Sulforaphene Derivatived As A Potential Anti-Tumor Agent With Special Mechanisms

Epidemiology and tumor studies in vivo and in vitro have confirmed that isothiocyanate(ITCs),especially sulforaphane(SFA) which occurs naturally in cruciferous plants,can take effects during the "pre-initiation" and "post-initiation" phase of cancer through several distinct mechanisms.In our previous study,we’ve successfully extracted and purified a SFA analogue,called sulforaphene(SFE).In this study,we evaluated the antitumor activity in vitro and in vivo of SFE towards the esophageal squamous cell carcinoma(ESCC)and breast cancer commonly happened in Chinese populations,and investigated the molecular mechanism of SFE in these two types of cancer.Methods:in vitro experiment, we use MTT method and trypan blue staining method to evaluate the antitumor activity of SFE.Effects of SFE on the cell cycle and cell apoptosis were measured by flow cytometry.
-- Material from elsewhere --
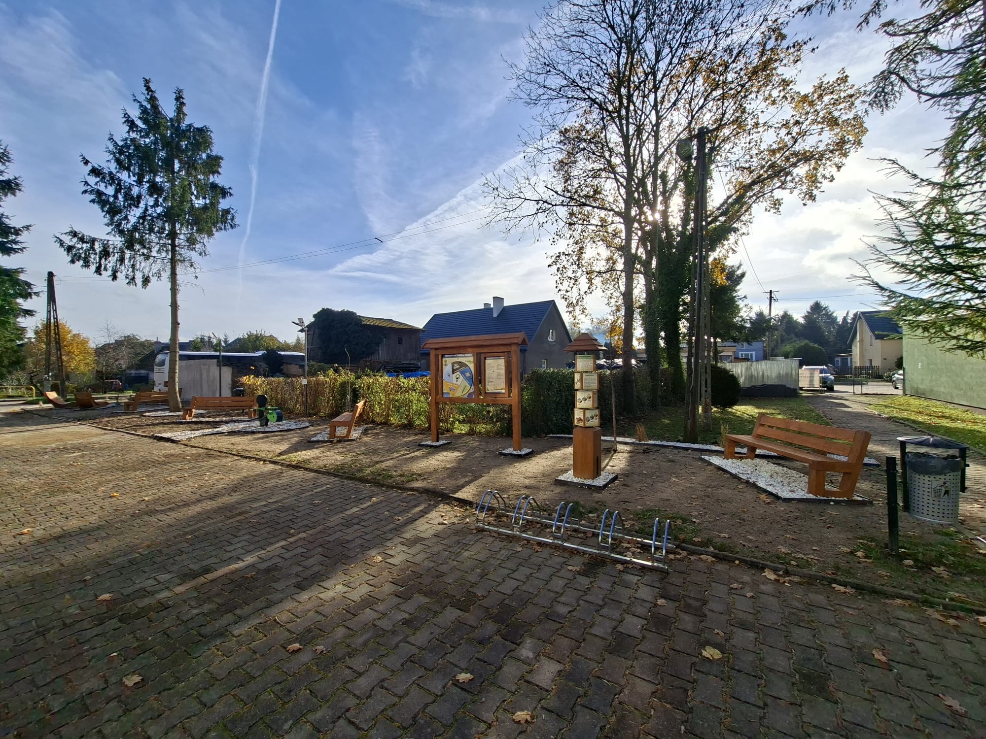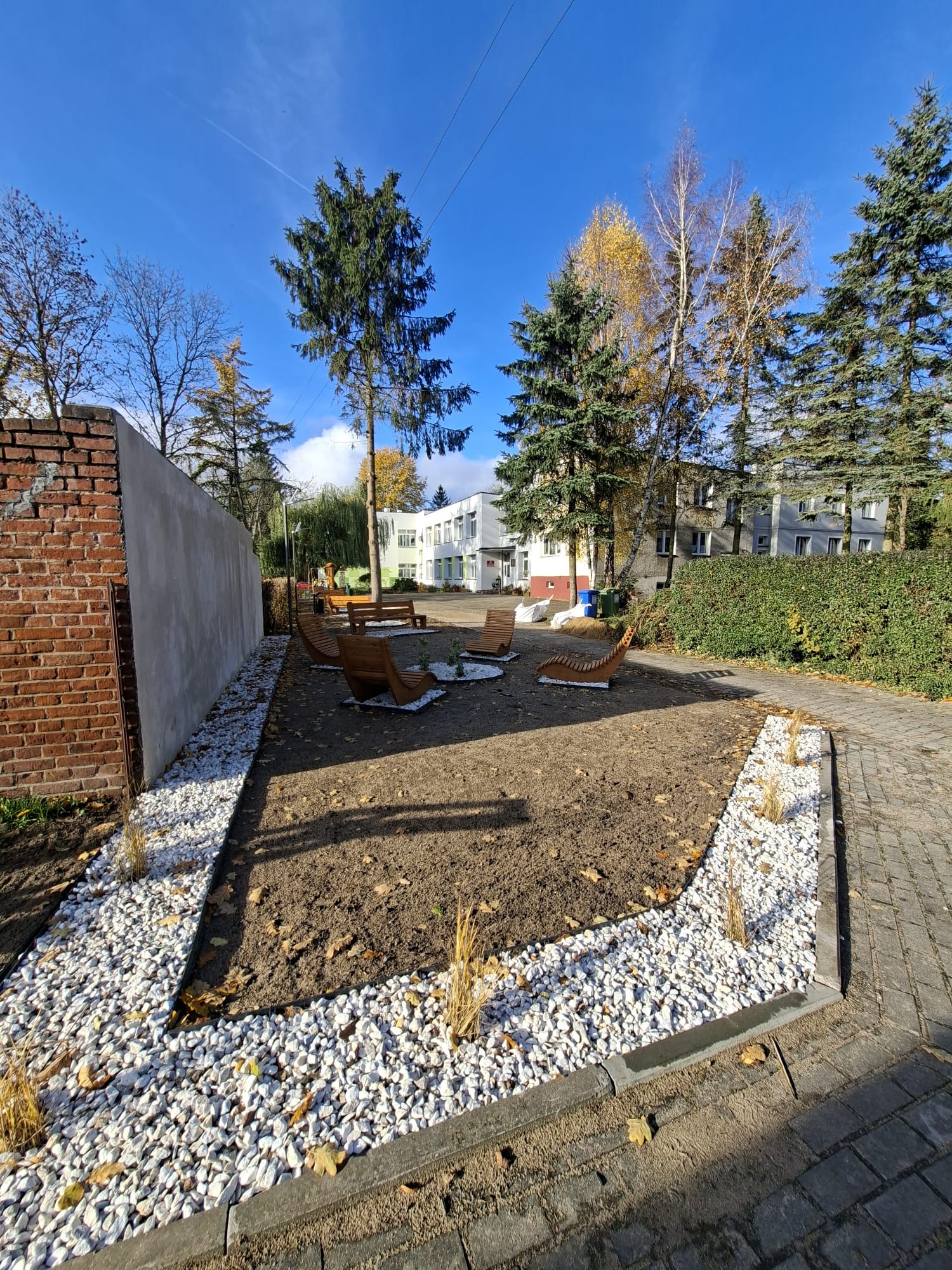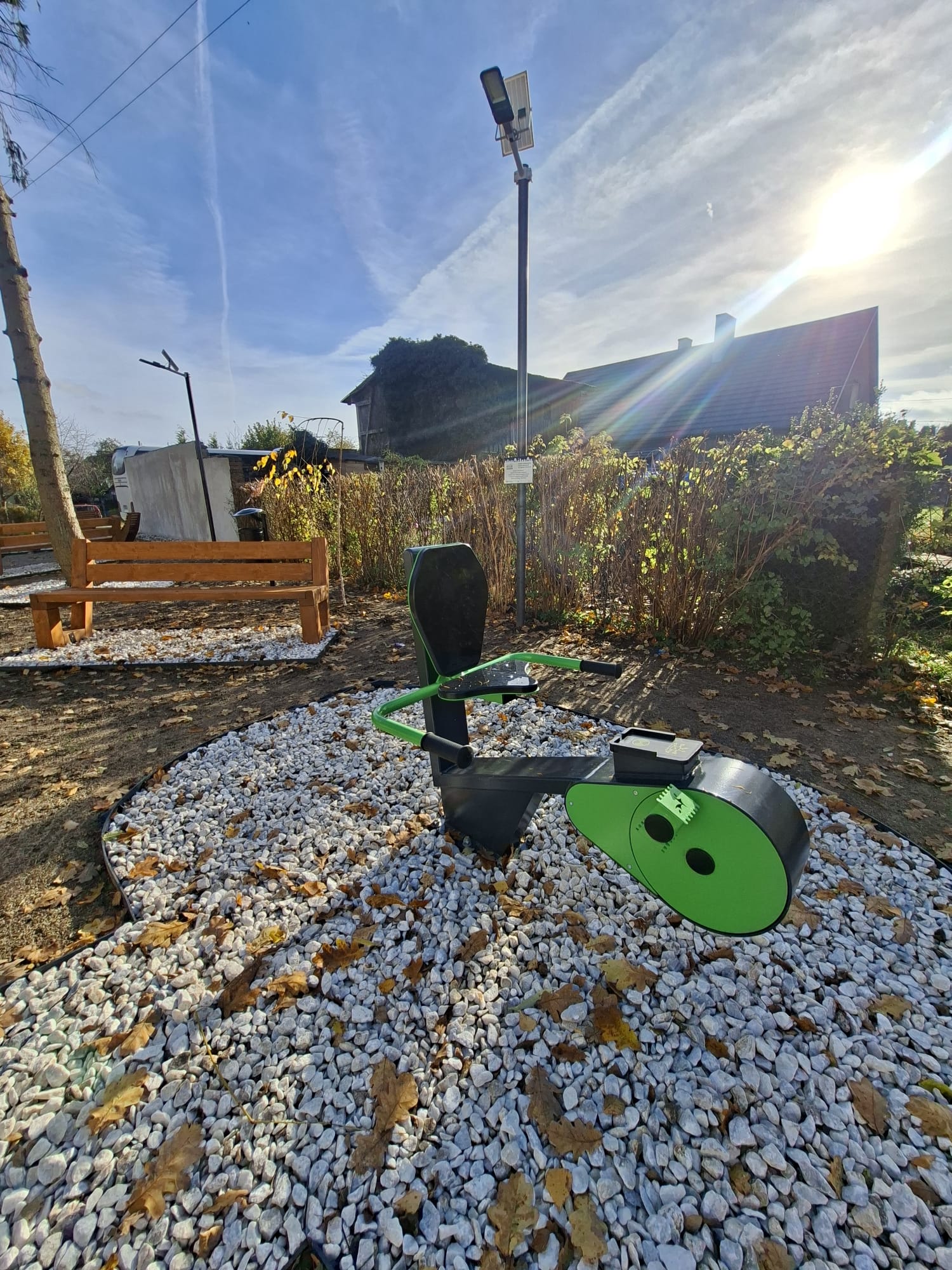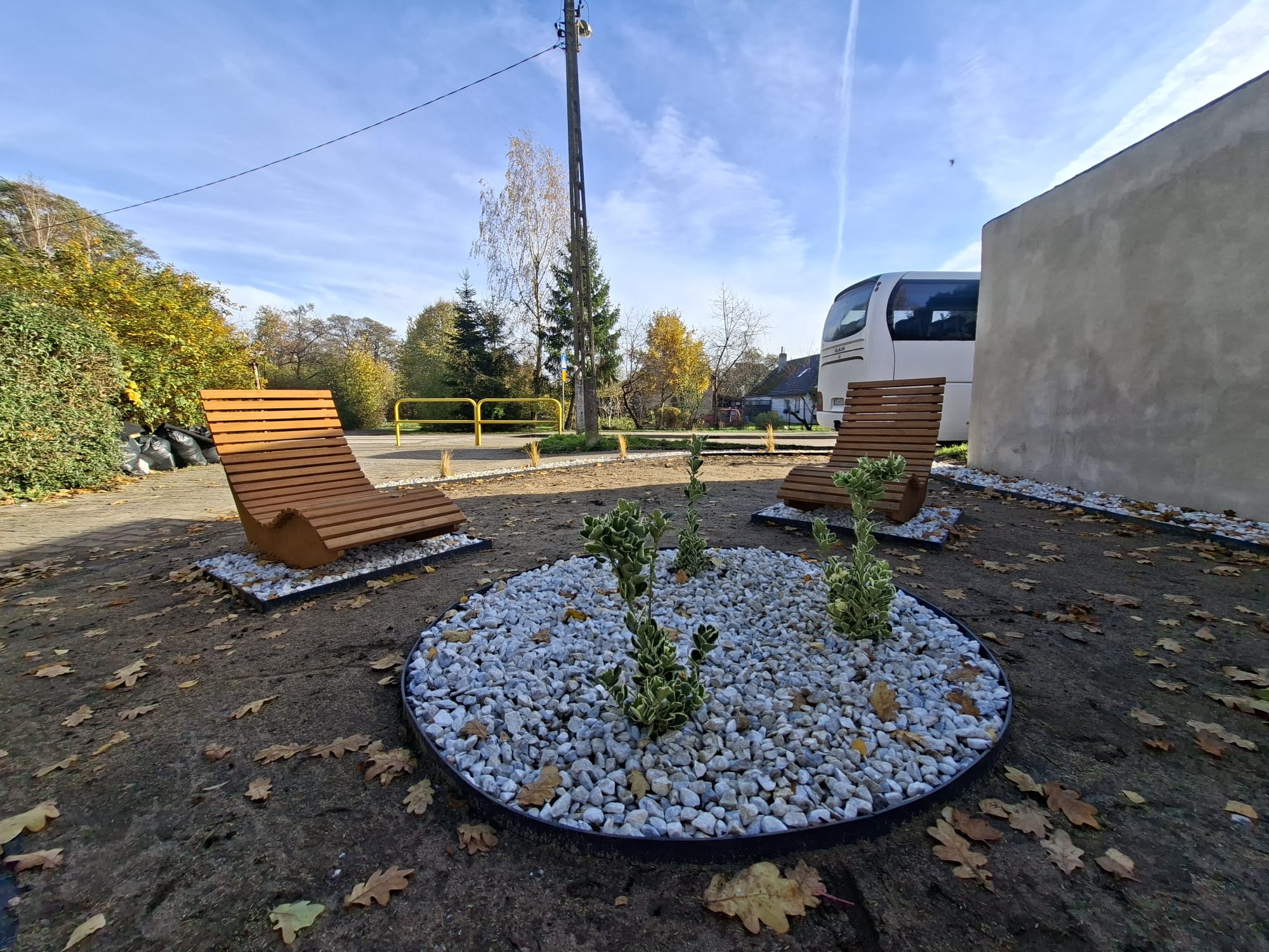 ✅ zainstalowano lampy solarne, ławki, kosz na śmieci oraz gry edukacyjne o OZE,

We use Western Blot to analyse the expression and phosphorylation level of biomarkers related to the DNA damage and cell cycle transition.Gene expression profiles of tumor cells before and after the SFE treatment were studied using gene chip technology.Gene overexpression plasmid were transiently transfected into tumor cells to observe the function of gene towards tumor growth.Xenograft models shows the anti-breast cancer activity and toxicity in vivo.Results.SFE can effectively inhibit the ESCC and breast cancer cells growth as none of 48hr IC50 were more than 25μM. Flow cytometry shows that SFE can both induce cell cycle arrest and apotosis in ESCC cells, which may be related to DNA damage caused by SFE,especially double strand break(DSB).At the same time, accumulation of intracellular reactive oxygen species (ROS) partly contribute to the anticancer effect of SFE to ESCC cells.Gene expression profile analysis found that EGR1 gene expression were upregulated 18 times after the treatment of 15μM SFE for 48hr,and the upregulated expression of EGR1 gene can inhibit the growth of breast cancer cells.Survival curve analysis showed that breast cancer patients with high expression of EGR1 have a relatively longer survival(HR=0.76,p=3.5e×10-6).EGR1 protein could be an important target protein by SFE to inhibit breast cancer cells. These results suggest that the natural product SFE is a promising monomer compounds for fighting ESCC and breast cancer.